#### WHAT THIS TASK INVOLVES
The lines to transcribe begin with the one containing "Black & White" and end with the last line below; reproduce them exactly, without the pictures.

Segment Start: AVAILABLE DATA

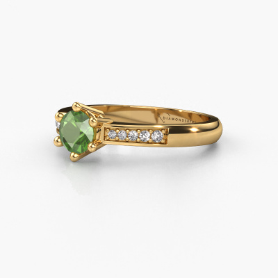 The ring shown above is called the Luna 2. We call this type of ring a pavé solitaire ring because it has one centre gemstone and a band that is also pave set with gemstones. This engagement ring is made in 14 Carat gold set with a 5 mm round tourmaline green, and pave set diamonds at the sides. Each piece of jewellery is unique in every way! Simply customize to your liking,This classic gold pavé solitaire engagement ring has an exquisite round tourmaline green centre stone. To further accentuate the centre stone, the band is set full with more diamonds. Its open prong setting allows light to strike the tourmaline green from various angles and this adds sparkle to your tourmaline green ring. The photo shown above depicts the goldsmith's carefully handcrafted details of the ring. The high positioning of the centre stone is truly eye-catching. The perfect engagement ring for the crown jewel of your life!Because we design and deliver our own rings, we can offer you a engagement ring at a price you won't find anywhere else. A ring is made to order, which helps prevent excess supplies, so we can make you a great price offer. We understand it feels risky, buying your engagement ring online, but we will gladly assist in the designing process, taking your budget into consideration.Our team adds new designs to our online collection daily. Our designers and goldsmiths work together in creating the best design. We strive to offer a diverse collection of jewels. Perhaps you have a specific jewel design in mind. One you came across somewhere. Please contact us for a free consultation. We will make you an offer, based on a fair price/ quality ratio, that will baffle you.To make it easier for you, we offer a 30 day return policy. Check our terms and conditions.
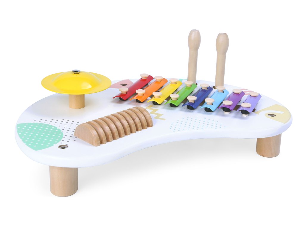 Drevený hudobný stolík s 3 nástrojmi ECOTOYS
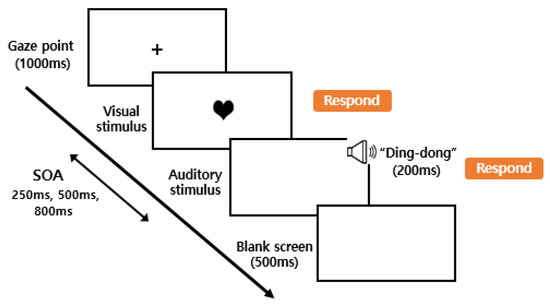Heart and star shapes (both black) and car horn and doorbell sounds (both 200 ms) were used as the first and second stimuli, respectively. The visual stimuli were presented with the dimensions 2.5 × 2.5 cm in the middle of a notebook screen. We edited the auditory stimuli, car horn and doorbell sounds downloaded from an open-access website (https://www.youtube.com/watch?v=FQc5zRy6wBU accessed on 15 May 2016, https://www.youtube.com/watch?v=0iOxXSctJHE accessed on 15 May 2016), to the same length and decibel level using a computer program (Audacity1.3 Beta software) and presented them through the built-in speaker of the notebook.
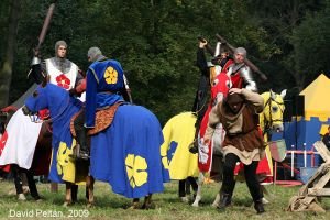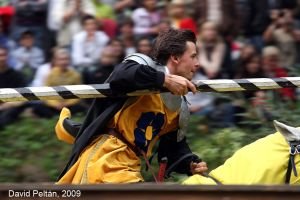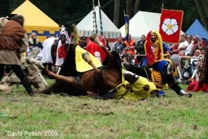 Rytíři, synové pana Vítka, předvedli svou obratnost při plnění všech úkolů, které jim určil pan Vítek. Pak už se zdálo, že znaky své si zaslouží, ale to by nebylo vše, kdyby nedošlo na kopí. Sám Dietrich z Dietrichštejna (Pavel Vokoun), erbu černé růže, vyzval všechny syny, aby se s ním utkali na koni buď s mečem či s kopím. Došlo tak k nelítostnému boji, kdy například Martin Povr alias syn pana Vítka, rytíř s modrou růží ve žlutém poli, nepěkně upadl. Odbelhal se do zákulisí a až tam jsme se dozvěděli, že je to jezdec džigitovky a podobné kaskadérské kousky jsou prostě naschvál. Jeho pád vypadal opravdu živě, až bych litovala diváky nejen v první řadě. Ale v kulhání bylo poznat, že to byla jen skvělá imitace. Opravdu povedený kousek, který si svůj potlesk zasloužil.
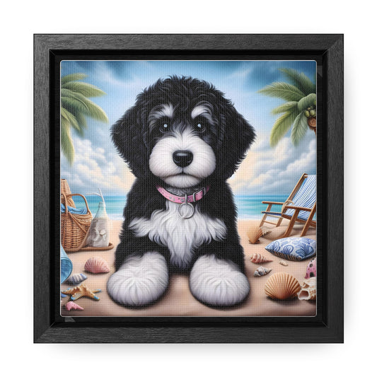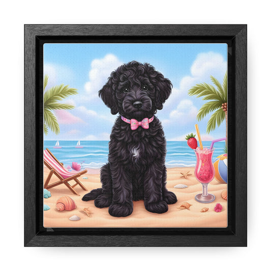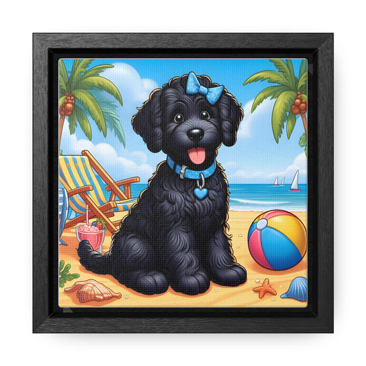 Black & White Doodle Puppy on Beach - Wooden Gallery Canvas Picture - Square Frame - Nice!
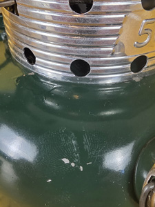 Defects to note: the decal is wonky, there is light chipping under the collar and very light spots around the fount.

Segment End: AVAILABLE DATA

#### RESULT OF THE TASK
 Black & White Doodle Puppy on Beach - Wooden Gallery Canvas Picture - Square Frame - Nice!
 Defects to note: the decal is wonky, there is light chipping under the collar and very light spots around the fount.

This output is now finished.